Problem requirements: In the listing that follows, locate the line containing "hodinám moderní nádech." and the line containing "Miliony baniek mydlanych". Retype exactly those two lines and every line between them, and nothing more.

** Opening Record set block **

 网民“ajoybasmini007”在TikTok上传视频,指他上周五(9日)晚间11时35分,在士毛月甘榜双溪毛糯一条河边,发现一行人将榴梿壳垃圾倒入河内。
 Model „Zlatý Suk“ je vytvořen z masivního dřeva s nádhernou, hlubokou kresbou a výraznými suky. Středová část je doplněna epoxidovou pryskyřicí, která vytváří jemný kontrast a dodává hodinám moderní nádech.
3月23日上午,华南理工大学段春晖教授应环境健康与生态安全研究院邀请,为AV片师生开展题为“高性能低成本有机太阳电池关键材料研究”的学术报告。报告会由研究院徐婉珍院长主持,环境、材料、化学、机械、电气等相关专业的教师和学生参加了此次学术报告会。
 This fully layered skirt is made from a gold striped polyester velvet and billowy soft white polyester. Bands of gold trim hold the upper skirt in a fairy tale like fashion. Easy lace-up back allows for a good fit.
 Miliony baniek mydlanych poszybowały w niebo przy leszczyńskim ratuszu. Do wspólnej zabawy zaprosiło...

** Closing Record set block **
** Opening Record set block **

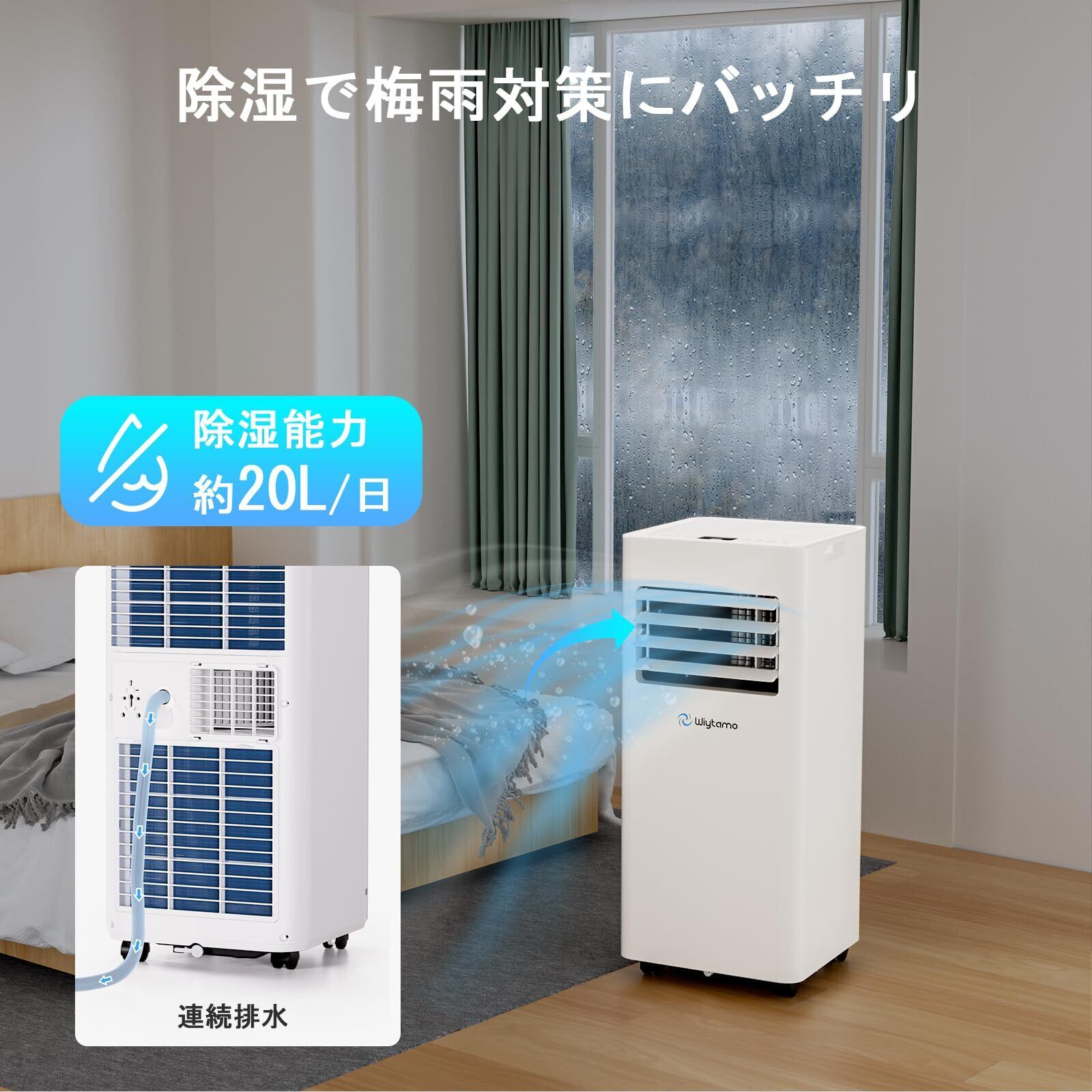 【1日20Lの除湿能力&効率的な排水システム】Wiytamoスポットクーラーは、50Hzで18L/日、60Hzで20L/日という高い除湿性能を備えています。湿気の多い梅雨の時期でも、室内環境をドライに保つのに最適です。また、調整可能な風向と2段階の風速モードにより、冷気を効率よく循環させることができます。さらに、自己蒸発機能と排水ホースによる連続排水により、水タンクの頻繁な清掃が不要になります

** Closing Record set block **

Answer to the problem:
 Model „Zlatý Suk“ je vytvořen z masivního dřeva s nádhernou, hlubokou kresbou a výraznými suky. Středová část je doplněna epoxidovou pryskyřicí, která vytváří jemný kontrast a dodává hodinám moderní nádech.
3月23日上午,华南理工大学段春晖教授应环境健康与生态安全研究院邀请,为AV片师生开展题为“高性能低成本有机太阳电池关键材料研究”的学术报告。报告会由研究院徐婉珍院长主持,环境、材料、化学、机械、电气等相关专业的教师和学生参加了此次学术报告会。
 This fully layered skirt is made from a gold striped polyester velvet and billowy soft white polyester. Bands of gold trim hold the upper skirt in a fairy tale like fashion. Easy lace-up back allows for a good fit.
 Miliony baniek mydlanych poszybowały w niebo przy leszczyńskim ratuszu. Do wspólnej zabawy zaprosiło...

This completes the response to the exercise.